Année 3852 de l’ère confédéré, Tullanium. Sur cette planète-prison, une mutinerie éclate et les gardiens ont énormément de mal à la circonscrire. Profitant du chaos à l’intérieur de l’établissement, 4 détenus se font la malle : Alisa, une rebelle mécano-stellaire ayant lutté avec des indépendantistes et condamnée à 45 ans de prison, Nikolai, un contrebandier emprisonné pour 22 années, un jeune adolescent mutique et génie de la robotique dont personne ne connaît le prénom condamné à 30 ans de réclusion, et enfin John Tiberius Munro, ancien général et accusé à tord de crime de guerre pour couvrir ses supérieurs hiérarchiques.
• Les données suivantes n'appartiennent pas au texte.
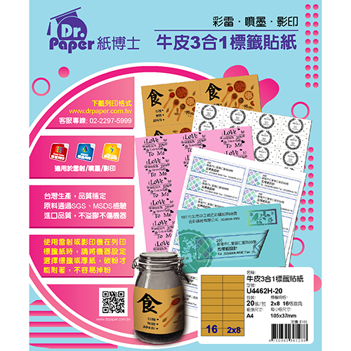 Dr.Paper 105x37mm NO.16-U4462H-20 16格 牛皮 A4 雷射噴墨影印自黏標籤貼紙/電腦標籤 20大張入

Alors qu’ils ne se connaissaient pas avant, n’avaient aucun but en commun et n’étaient pas à l’origine de l’insurrection, ils réussissent à monter à bord d’un vaisseau et s’échappent. Blessé à l’œil droit, l’ancien militaire prend le commandement de l’appareil et convainc ses trois comparses de s’emparer de son ancien vaisseau le Valkyrie. A l’intérieur de l’engin, ils seraient à l’abri et pourraient partir où ils le souhaiteraient.

De son côté, Vexon, le président de la Confédération se prépare pour son discours du soir devant les hauts dignitaires du régime. Le vieil homme est un véritable dictateur, aidé dans sa tâche par son général en chef, à qui il confie la mission de retrouver les fugitifs et de les tuer.

Planète Egeus. Le vaisseau de Munro atterrit dans un lieu très connu de Nikolai. Là, il y retrouve un vieil ami, Scruggs qui l’aide à maquiller le vaisseau afin de rendre son approche du Valkyrie plus simple. En attendant la transformation et les réparations, l’ex-général se rend chez Liza pour lui soigner son œil. La petite femme n’a pas réussi à le lui sauver et a donc recousu sa paupière. Munro est maintenant affublé d’un bandeau noir, tel un pirate…

Après la magnifique série Orbital, Sylvain Runberg revient avec un nouvel album de science-fiction Warship Jolly Roger. Cette belle saga d’aventures de piraterie et d’anticipation est un subtil mélange de Blade Runner, de Star Wars, d’Albator ou encore de Universal War One. Classique dans sa construction, son approche et sa thématique, le récit est néanmoins captivant. Ce premier tome permet au scénariste d’installer l’intrigue, les personnages et d’en comprendre les motivations. Mené tambour-battant, il n’offre aucun temps morts à ses protagonistes : entre bagarres, luttes contre les autorités et course-poursuites en vaisseau spatial. Tout est là pour accrocher le lecteur. L’histoire est extrêmement solide et se fonde uniquement sur la vengeance de Munro contre la Confédération. Les 4 personnages à l’histoire encore assez mystérieuse permettront une belle ouverture pour le second et dernier tome de ce space-opera. Le trait semi-réaliste de Miki Montllo est très beau ; en témoigne la sublime couverture ainsi que la page de garde. L’auteur ayant évolué dans l’univers de l’animation et des jeux vidéos, cela se ressent fortement dans ses planches où les engins spatiaux et les décors futuristes sont légions. Les couleurs de l’espagnol sont explosives et celles sépia concernant le passé des personnages sont magnifiques.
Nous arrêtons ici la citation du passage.